Similarly Robert Lansing as physicist Scott Nelson in testing his younger brother's (Tony a renegade scientist of some disrepute) portable prototype contrivance in amplifying electromagnetic fields is able to move his hand through an impenetrable slab of metal. In successfully re-attempting the same feat within the force field again he discovers that the device has shorted-out yet he is now able to miraculously pass through any solid masses. Although not clearly delineated in the film his prior repeated exposure to the atomic furnace chambers in the development of a new dense alloy has caused an undetected mutation in Dr. Nelson's brain resulting in infinitely more intensified concentration faculties coupled with his also being affected by the experimental electromagnetic field now enabling Dr. Nelson to physically accelerate into the fourth dimension at will and whenever in this de-molecular condition he can freely walk through any physical barriers (walls, fences, doors, etc.). However while in this high velocity state Nelson also accelerates in age and by accident discovers he can only be restored to normalcy by draining the life energies of hapless victims resulting in a reign of terror until his eventual demise at the hands of his former scientist colleague-girlfriend in true "film noir" fashion by shooting Dr. Nelson (when not in his inter-dimensional form) as both are embraced in a passionate kiss.
The end is somewhat ambiguous as the apparently mortally wounded and dissipating Dr. Nelson (proclaiming himself "indestructible") retreats with some difficulty through a wall out-of-sight and the superimposed wording "The End" appears transforming into a visible question mark. This could imply a number of possibilities: A) Dr. Nelson died from the gunshot after disappearing into the wall remaining permanently embedded within it. B) Nelson could have successfully made his escape only to recover and return later to vengefully strike out at humanity anew. C) The artificially-induced fourth dimensional state could eventually be rediscovered and resurrected by some other researcher with similarly terrifying repercussions. D) What further unforeseen horrors is science on the brink of unleashing upon the world in the future?
Crucial to the plausibility and acceptance of this film's fantastic premise are convincing and competent special effects and the visuals employed in 4D MAN while all too sparse and fleeting are remarkably impressive nonetheless.

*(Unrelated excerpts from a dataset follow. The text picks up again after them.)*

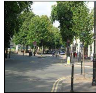
Figure 65 Trees within Montpellier Gardens
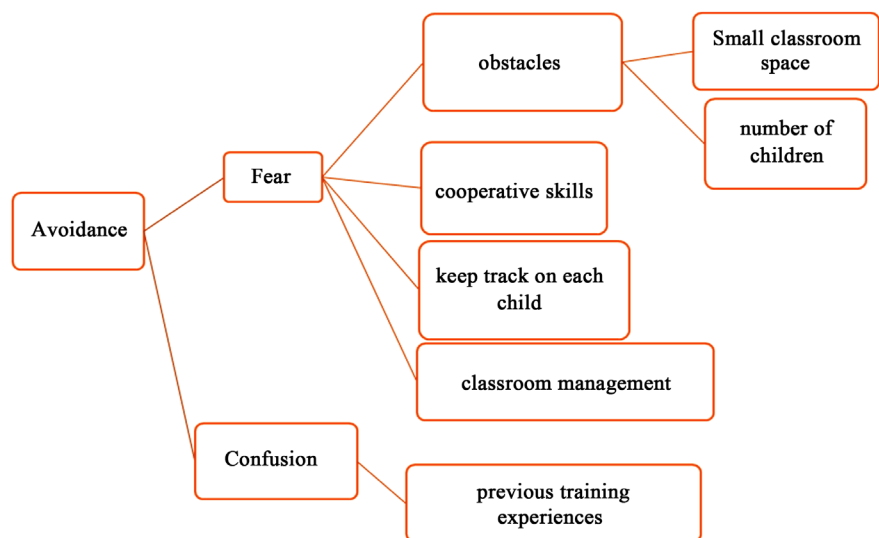
Figure 1. Reasons for teachers' avoidance to apply DI.

Content Analysis of the diary showed that every teacher followed more or less a specific journey to professional development (Figure 2). Particularly, at the beginning of the program they were questioning not only that this program would be effective, but also that DI was not applicable in the Greek kindergarten context (e.g. record on 10/5/2016: “...she was assertive that working in groups was impossible to happen in her classroom, because it was tight. She also seemed quite skeptical if DI is just another trend that doesn’t fit in the Greek reality”). After the first meetings, they started to feel nervous and sometimes denied to evaluate their children through systematic observation, seeing that it added heavy workload (e.g. record on 10/26/2016: “we talked for a while and she said she had a difficult time checking out the social skills of the kindergarteners. It took a long time for her to finish. She said exactly: I am not doing anything else!
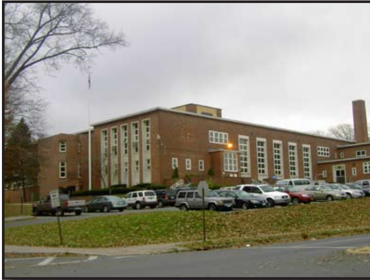
Dominick F. Burns Elementary School on Putnam Street

Police Athletic League operates a recreation program at Burns School for elementary students only. Outside the Target Area, Classical Magnet, Belizzi Magnet, Pathways to Technology, Hartford Transitional Learning Academy, and Hartford High each have after school programs that serve students who reside in the Target Area
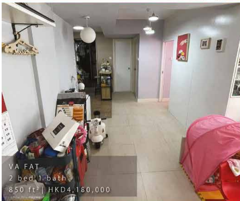
VA FAT 2 bed 1 bath 850 ft 2 | HKD4,180,000
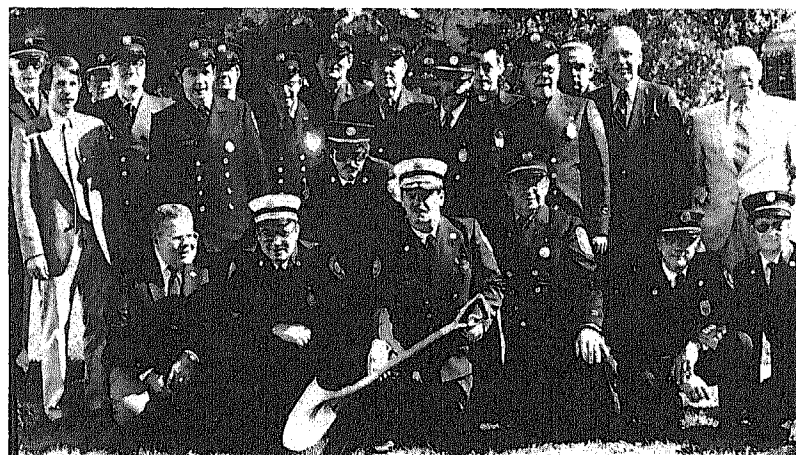
Ground breaking for the new firehouse took place on October 16, 1983 with fire fighters and borough officials taking part.

During 1975 the membership voted to support the borough's movement for a new municipal complex. The discussion had been ongoing and the membership hoped their support would promote quicker action. The debate/battle for a new firehouse lasted for the better part of ten years, finally the dedication of a new firehouse was held during December 1984.
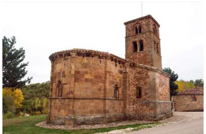
Iglesia de San Martín, Vizcaínos, Burgos

The magnificent porticoed galleries that we can find in the Sierra de la Demanda were a feature of the buildings that protected the faithful from the harsh winters in the mountains. The influence of various master craftsmen from the nearby Santo Domingo de Silos monastery can be appreciated in the churches in Vizcaínos, Jaramillo de la Fuente, and Pineda de la Sierra, which date from the late 12th century. The portico in Jaramillo de la Fuente comprises a central door with a semi-circular round arch and two traditional arches to the left and four to the right resting on coupled columns, in Vizcaínos the gallery features two arches and a door, linked by an impost, and the church in Pineda de la Sierra also displays a spectacular open porticoed gallery on the south wall. The town councils used to meet in these outdoor cloisters. There are also other interesting Romanesque churches in Neila and San Millán de Lara, for example.
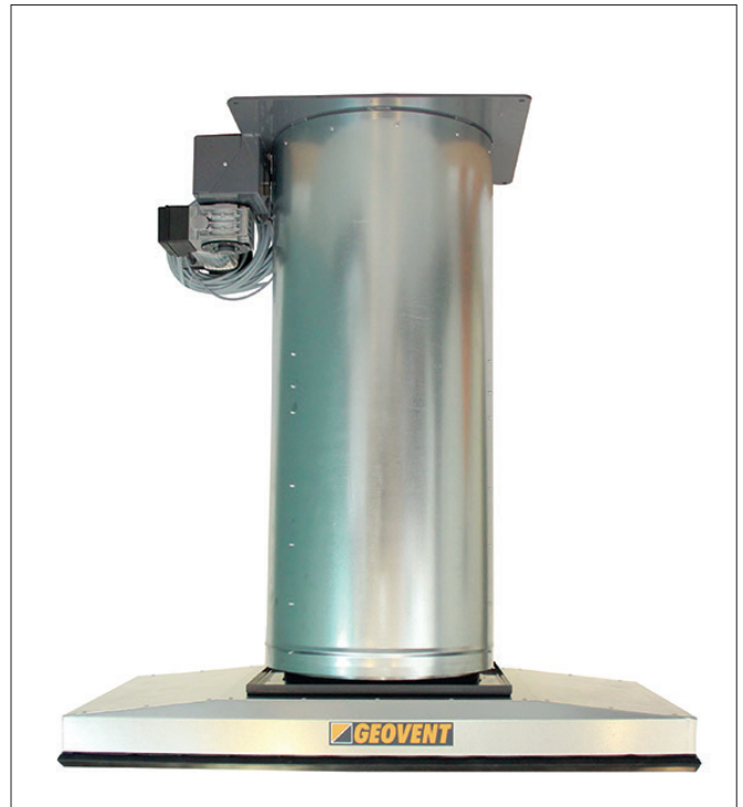
Hood 2000 x 700 mm
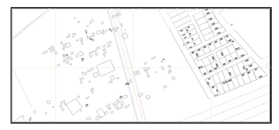
Figure 3: Sample of unplanned encroachments in Community 23

In another development, the Nungua Stool sued the Attorney-General (A-G) and TDC at the Lands Division of the High Court seeking an order for the release of land for a hospital. The Stool is seeking to place an order of perpetual injunction to restrain TDC from entering the land (Myjoyonline, 2012).
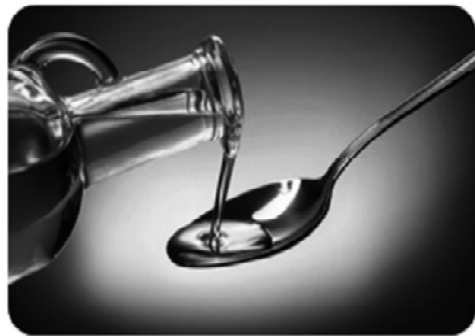
Use Measuring Spoons
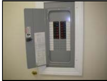
5.6 Picture 2
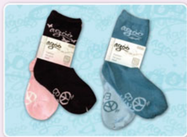
Agoo Bamboo Socks
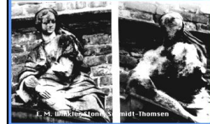
Acid Rain Effects on Sculptures
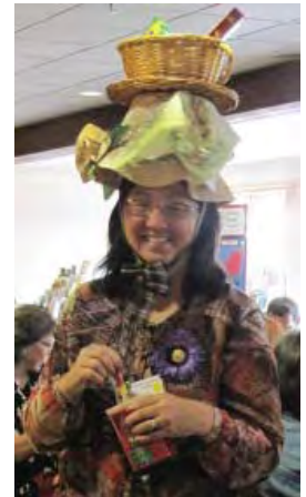
Fun with Hats!
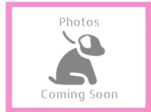
Samantha (Shih Tzu)
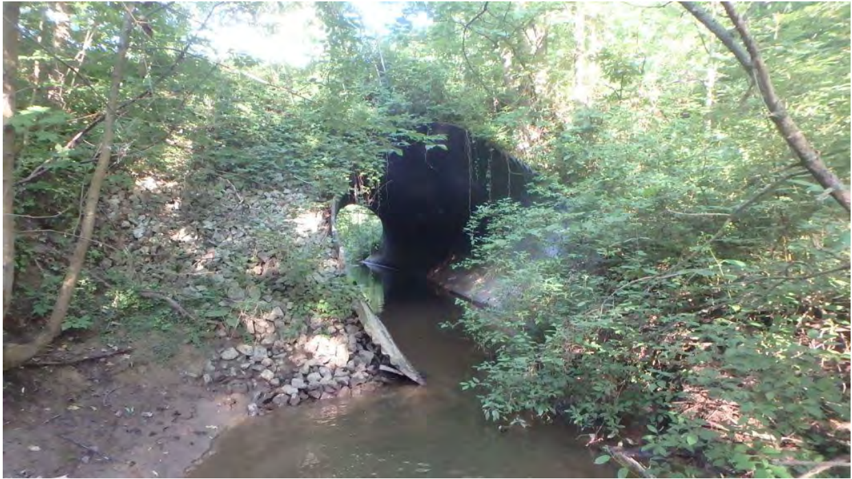
Figure 3 East Profile
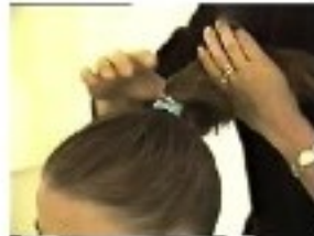
3. Hair Band
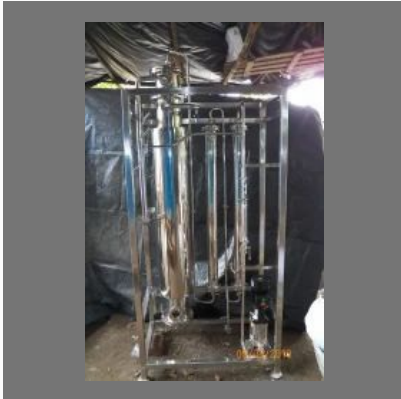
Pure Steam Generator
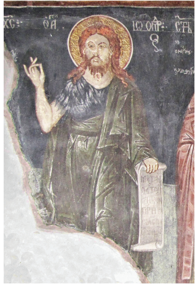
Fig. 9. Plătărești Monastery, narthex. St John the Baptist, St Anthony the Great, St Euthymius the Great, St Sabbas the Sanctified.

Monastery, a similar representation was painted by two North-western Greek artists, Mattheos and Ioannis, in 1660 31 (Fig. 13). This military iconography flourished in the seventeenth century with the hands of the Greek painters who decorated the Wallachian and Moldavian princely foundations 32 . The anti-Ottoman politics of the Wallachian voivode Matthew Basarab seems to be reflected symptomatically in the choice of predominantly
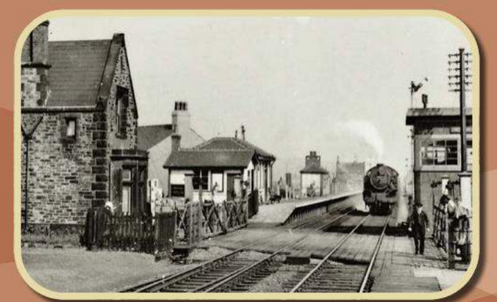
Hoscar LMS ARP Box 42287 with the 3pm Manchester-Southport, June 1st 1954

Memorable is the scene where Dr. Nelson aimlessly strolls along a downtown street at night and mischievously applies his newly acquired powers by passing his hand through a mailbox removing a letter and properly replacing it through the slot (any solid object Nelson touches also de-solidifies), filching an apple through the front window of a produce store and similarly handling a diamond necklace on display in a jewellery shop. When Nelson pauses from his amusement and observes the darkened national bank across the street his smile betrays exactly what is on his mind (editing between the camera's point-of-view of the bank juxtaposed with the expression on Nelson's face wordlessly conveys his intention to make an unauthorized withdrawal). Sound is also utilized to considerable effect as a high-pitched electronic whine ominously signifies Dr. Nelson's transformation into the inter-dimensional entity. The age makeup of his victims whose life energies are absorbed by the desperate, deranged researcher is incredibly well handled indeed (particularly in the unintentional first murder of his physician friend where some cartoon animation is employed to dynamically accentuate the onslaught of rapid aging further making the effect all the more gruesome). With tremendous nightmarish impact the mummified corpses of his victims serve as a powerful testament to the frightening deadliness of this unstoppable and elusive killer on the prowl.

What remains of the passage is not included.